La empatía que inyectó la Casa Rosada, que puso a Jorge Capitanich al frente de una negociación áspera y agotadora, derivó en una decisión curiosa: gremios provinciales como los de Córdoba y Santa Fe, a pesar de que sellaron acuerdos a nivel local, igual se plegarán al paro nacional con el objetivo de darle volumen y visibilidad.

El sábado último, por tercer año consecutivo, Cristina de Kirchner incluyó en su mensaje ante la Asamblea Legislativa un planteo -con aroma a reproche- dirigido a los docentes, esta vez vinculado al presentismo, cuestión que los negociadores oficiales -Capitanich, Carlos Tomada y Alberto Sileoni- incluyeron como prerrequisito en la oferta salarial arrimada a los gremios docentes.

La Presidente eligió la negociación docente como paritaria testigo para tratar de ordenar el resto de las negociaciones salariales. En otros tiempos, Kirchner usaba como referencia el acuerdo con el gremio de los camioneros de Hugo Moyano. Pero Kirchner falleció y el jefe de la CGT Azopardo transita, ahora territorios de diverso color político -hasta tuvo varios encuentros con radicales- menos el del kirchernismo.

Hay, este año, otro matiz. En 2012, año de una de las discusiones salariales más duras para las provincias, la Presidente ordenó levantar sin acuerdo previo, mediante un aumento por decreto, la paritaria nacional docente que hasta entonces había funcionado como referencia -mejor dicho como "piso"- para las negociaciones en las provincias. En 2012, esa guía se esfumó y derivó en una crisis política en la provincia de Buenos Aires que llevó a Daniel Scioli a aceptar un acuerdo salarial que, cuando lo firmó, no podía pagarlo.

Unos meses después, sin asistencia extra de la Casa Rosada, tuvo que desdoblar el pago del aguinaldo. Fue el peor momento de la relación entre Scioli y Cristina y estuvo cruzado por el compomente docente en el que Roberto Baradel, que además de jefe de SUTEBA tiene explícita relación con el partido Nuevo Encuentro de Martín Sabbatella -que forma parte del Frente para la Victoria- se convirtió en el blanco de las quejas de los sciolistas.

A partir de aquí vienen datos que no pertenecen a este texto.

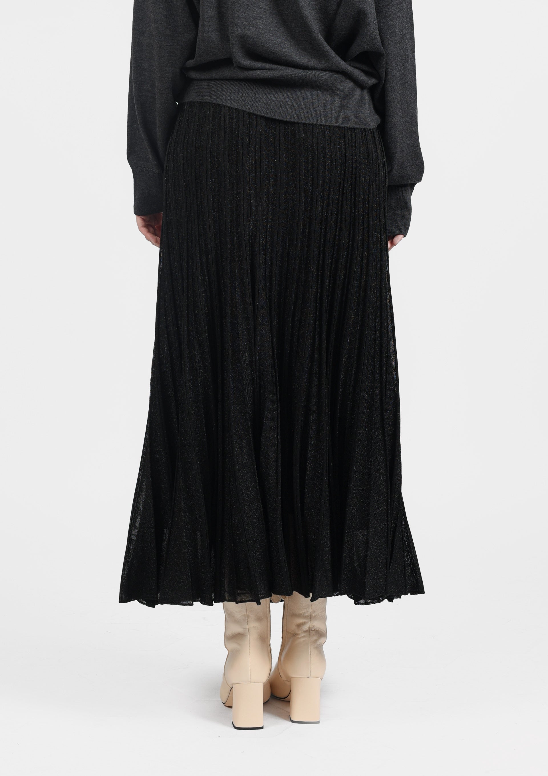 Gonna con elastico in vita, caratterizzata da una lavorazione plissé che dona movimento e leggerezza. Il filo lurex inserito nel tessuto la rende particolarmente luminosa ed elegante, ideale per look serali e sofisticati. Composizione: 56% viscosa, 29% cupro, 15% poliestere metallizzato.

La oferta salarial que ayer rechazaron los gremios forzó una conciliación obligatoria pero pone al Gobierno ante un paro nacional docente y, a la vez, a la Presidente al frente de un asunto crítico y difícil. Parece, a priori, al menos comparado con lo actuado en 2012, que Cristina de Kirchner decide intervenir en la cuestión educativa y no dejar, como en otros años, la negociación sólo en mano de los gobernadores.

La explicación, a simple vista, es económica. Cristina de Kirchner considera que una paritaria por encima del 30% de docentes repercutirá sobre las demás negociaciones y, además, en caso que las procvincias deban hacer concesiones en muchos casos -como Buenos Aires o Entre Ríos- se da por hecho que, en el tramo final, será el Gobierno nacional el que tenga que aportar los recursos.